Dos 33 ANPs (aditivos não processados) analisados individualmente, 15 tiveram alguma associação significativa com a ocorrência de pressão alta. Isso significa que seu consumo esteve relacionado a uma maior ocorrência da doença.

Entre eles, 11 apresentaram associação positiva, ou seja, quanto maior a presença desses componentes nos alimentos consumidos, maior foi a incidência de hipertensão observada no estudo. São eles:

Já o consumo de alimentos contendo realçadores de sabor, auxiliares de processamento, óleo modificado e fibras adicionadas não foi associado ao risco de hipertensão arterial.

O perigo do “sabor adicionado”

No estudo, os pesquisadores mencionam trabalhos anteriores do mesmo grupo de pesquisa que associaram o “sabor adicionado” aos ultraprocessados ao ganho de peso e à obesidade. Eles apontam que os corantes, por exemplo, podem modificar a percepção sensorial e incentivar a preferência por alimentos específicos.

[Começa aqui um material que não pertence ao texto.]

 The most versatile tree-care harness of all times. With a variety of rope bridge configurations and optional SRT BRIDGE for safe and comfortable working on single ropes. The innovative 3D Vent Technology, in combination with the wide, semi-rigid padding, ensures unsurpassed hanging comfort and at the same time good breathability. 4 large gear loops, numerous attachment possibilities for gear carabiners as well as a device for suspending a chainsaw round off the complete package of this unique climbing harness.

Já os adoçantes podem “interromper a associação fundamental aprendida entre o sabor doce e o fornecimento de energia pós-ingestiva”. Ou seja, quando a pessoa consome um adoçante, sente o gosto doce, mas não recebe as calorias esperadas. Com isso, a associação entre sabor doce e energia pode ficar enfraquecida e o corpo pode compensar depois, aumentando a ingestão de alimentos, o que, a longo prazo, poderia favorecer o ganho de peso.

Além disso, segundo os pesquisadores, o alto teor de açúcar presente em muitos alimentos ultraprocessados também está associado ao consumo excessivo de alimentos e ao maior risco de obesidade.

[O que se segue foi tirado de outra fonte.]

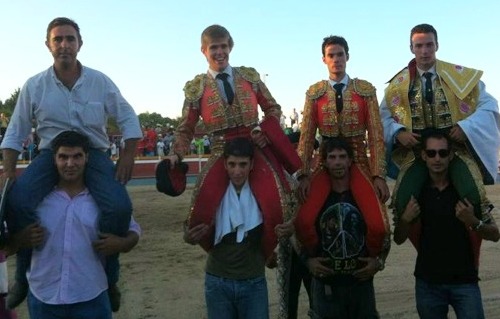 NAVALCÁN (Toledo). Jueves, 16 Agosto 2012.- Fuente.- Acotauro. Antonio Puerta corta cuatro orejas y un rabo y sale a hombros junto a Raúl Rivera y Javier Jiménez, en la novillada celebrada esta tarde en la localidad toledana de Navalcán. El ceheginero desoreja al primero de su lote y corta los máximos trofeos de su segundo, al que se llegó a pedir el indulto. La novillada lucía el hierro de ‘Guadajira’.

“Considerando esses achados, é plausível que o sabor adicionado, os corantes, os adoçantes e as variedades de açúcar promovam a alimentação excessiva e o ganho de peso, que, por sua vez, podem estar relacionados ao desenvolvimento da hipertensão arterial“, afirma o estudo. “No entanto, até onde sabemos, nenhum efeito direto desses produtos de uso misto sobre a pressão arterial tinha sido demonstrado até o momento”.

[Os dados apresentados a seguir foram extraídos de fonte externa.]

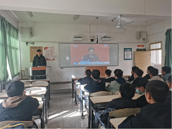 本科生党员和部分教师在骊山校园学院会议室收看新闻发布会

Os motivos por trás dessa associação provavelmente são múltiplos. Os autores citam a ingestão excessiva de sódio, que, por sua vez, pode causar retenção de líquidos no corpo, deficiências nutricionais e disfunções no endotélio, a camada fina que reveste a parte de dentro de todos os vasos sanguíneos e do coração.

Os autores também destacam algumas limitações do estudo. A análise não conseguiu acompanhar possíveis mudanças na alimentação dos participantes ao longo do tempo e pode ter sido influenciada por outros fatores que afetam o risco de hipertensão, mas que não foram considerados ou medidos com precisão.

Além disso, a hipertensão foi identificada apenas por registros de diagnóstico, o que pode ter deixado alguns casos de fora, e os dados sobre alimentação foram relatados pelos próprios participantes, sujeitos a esquecimentos ou imprecisões.

No entanto, os resultados sugerem que é necessário reavaliar a classificação atual desses componentes e de investigar, em estudos futuros, quais mecanismos poderiam explicar sua relação com a hipertensão. “Esses ingredientes são candidatos ideais para estratégias de redução do consumo excessivo de alimentos”, aposta o estudo.